-Re: Should I use HBASE?
Ian Varley 2011-09-14, 22:33
Point well taken, Mike. :) It's a bad idea to assume we know the original poster's requirements well enough to suggest a direction, based on such a brief sketch.
Original poster, let me be clear: a data set of your size may (or may not) be a good fit for doing in HBase; relational databases regularly do that volume of transactions happily, and offer advanced features and ACID guarantees that HBase does not. If you'd like more targeted advice from the community, perhaps answer the following questions:
1. Is the 500M rows you refer to a max target, or just the initial volume? Is there some other multiplier you didn't mention? (You said, "if it works good, this could be used widely")

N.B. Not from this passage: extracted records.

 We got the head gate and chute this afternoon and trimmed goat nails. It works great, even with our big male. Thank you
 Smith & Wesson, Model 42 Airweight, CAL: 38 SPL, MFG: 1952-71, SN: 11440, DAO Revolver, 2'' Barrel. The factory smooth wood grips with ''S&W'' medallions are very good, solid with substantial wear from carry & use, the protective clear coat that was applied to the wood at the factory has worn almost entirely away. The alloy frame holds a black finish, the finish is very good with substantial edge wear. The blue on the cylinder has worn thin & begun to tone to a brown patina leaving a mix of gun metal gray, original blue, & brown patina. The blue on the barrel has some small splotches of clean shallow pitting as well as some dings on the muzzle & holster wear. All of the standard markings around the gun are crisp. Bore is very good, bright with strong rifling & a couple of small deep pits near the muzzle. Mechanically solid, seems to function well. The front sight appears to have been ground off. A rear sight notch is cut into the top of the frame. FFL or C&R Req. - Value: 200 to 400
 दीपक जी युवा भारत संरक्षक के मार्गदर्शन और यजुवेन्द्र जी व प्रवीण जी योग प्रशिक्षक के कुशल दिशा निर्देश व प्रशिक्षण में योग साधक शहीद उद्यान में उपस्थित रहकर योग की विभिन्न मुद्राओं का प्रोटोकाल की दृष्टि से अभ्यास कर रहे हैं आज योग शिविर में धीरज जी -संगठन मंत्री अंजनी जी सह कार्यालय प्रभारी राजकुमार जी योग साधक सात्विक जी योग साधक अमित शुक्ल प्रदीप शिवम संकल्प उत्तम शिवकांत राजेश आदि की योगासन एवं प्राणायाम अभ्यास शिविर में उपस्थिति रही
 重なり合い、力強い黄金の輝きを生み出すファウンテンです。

2. What kind of read access patterns will you have? I.e. do you always get the data by a specific key, or scan across ordered rows? Or, would you need to be able to gather data in real time based on filters on other attributes (like you'd use an index in a relational DB for).

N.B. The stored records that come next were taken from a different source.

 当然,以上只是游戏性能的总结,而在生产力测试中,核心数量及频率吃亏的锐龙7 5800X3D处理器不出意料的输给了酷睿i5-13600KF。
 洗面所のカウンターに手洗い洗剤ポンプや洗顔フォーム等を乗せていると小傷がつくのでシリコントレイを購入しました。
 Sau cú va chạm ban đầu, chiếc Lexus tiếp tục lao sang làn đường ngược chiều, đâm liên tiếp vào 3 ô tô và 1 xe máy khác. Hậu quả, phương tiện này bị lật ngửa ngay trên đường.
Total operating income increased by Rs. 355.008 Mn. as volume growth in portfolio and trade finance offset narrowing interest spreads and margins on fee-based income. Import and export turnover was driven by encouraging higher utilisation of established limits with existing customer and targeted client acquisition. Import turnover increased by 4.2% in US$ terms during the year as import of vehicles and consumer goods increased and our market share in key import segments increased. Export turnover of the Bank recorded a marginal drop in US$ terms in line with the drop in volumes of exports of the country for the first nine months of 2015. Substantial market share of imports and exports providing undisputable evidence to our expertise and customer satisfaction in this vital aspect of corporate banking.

3. How big is the content of a typical row, in bytes?
4. Is using a more "industrial strength" DB like Oracle an option? Or would you be doing it on a free offering like MySQL or Postgres? Would you have a DBA to help administer the solution?
On Sep 14, 2011, at 4:23 PM, Michael Segel wrote:
> I think you misunderstood my point.
> The initial author asks a question about using HBase, yet doesn't really provide enough detailed information as to what he wants to achieve and why he is failing.
> My point was based on the information that he presented, he didn't show how or why his RDBMs solution was failing. (Or what he meant when he used the term fail.)
> There are so many reasons why the RDBMs could fail and it could be a factor of which RDBMs is being used.
> I've seen 50K ticks a second being ingested in to Informix's Financial Foundation offering 10 years ago. Here, there is a specific set up of the servers and configuration of IDS.
> But that's 50K records inserted in a second, not 5K every 5 minutes.
> Is it trivial? Probably not trivial, but still not really rocket science.
> But I digress. Again the point is that we have a person coming here and asking us 'is this a good fit' and it would be better to say 'it depends' or 'you haven't provided enough information...'
> To your point, yes, there are other databases out there like Informix and Oracle that scale better than MySQL. If the issue is that his RDBMs can't keep up, then one question I have to ask is if he's thought about changing to a different RDBMs platform. What happens if you say sure we can do this in HBase, and then he pulls out his 'must be ACID compliant' card?
>> From: [EMAIL PROTECTED]
>> To: [EMAIL PROTECTED]
>> Date: Wed, 14 Sep 2011 12:01:46 -0700
>> Subject: Re: Should I use HBASE?
>> That's an important point to make, Michael. Jumping to HBase (or any NoSQL store) from an RDBMS has pros and cons; the pros are generally that you can scale linearly on cheap(er) hardware as your data and usage grows, but the cons are that many things you take for granted in an RDBMS (like transactions, joins, indexes) aren't built in. You shouldn't assume that just because it's "a lot" of data, that an RDBMS won't handle it well. Benchmarking is key.
>> In this case, 6-months' worth of data at a rate of 10K inserts per 5 minutes comes out to a steady state of about 500M rows (is that what you mean, @stable29?). Even with skinny rows, that's not "trivial" for a relational database, especially if that database is MySQL. It can work, but you'll have to have someone who really understands the DB at a low level and can administer it, troubleshoot, deal with physical deletion after the 6 months is up, etc. If you ever need to change your schema while keeping the system online, that could also be a challenge. These things are all TOTALLY doable on a relational DB, but you are at least edging towards the territory where there's a reasonable case to be made for HBase.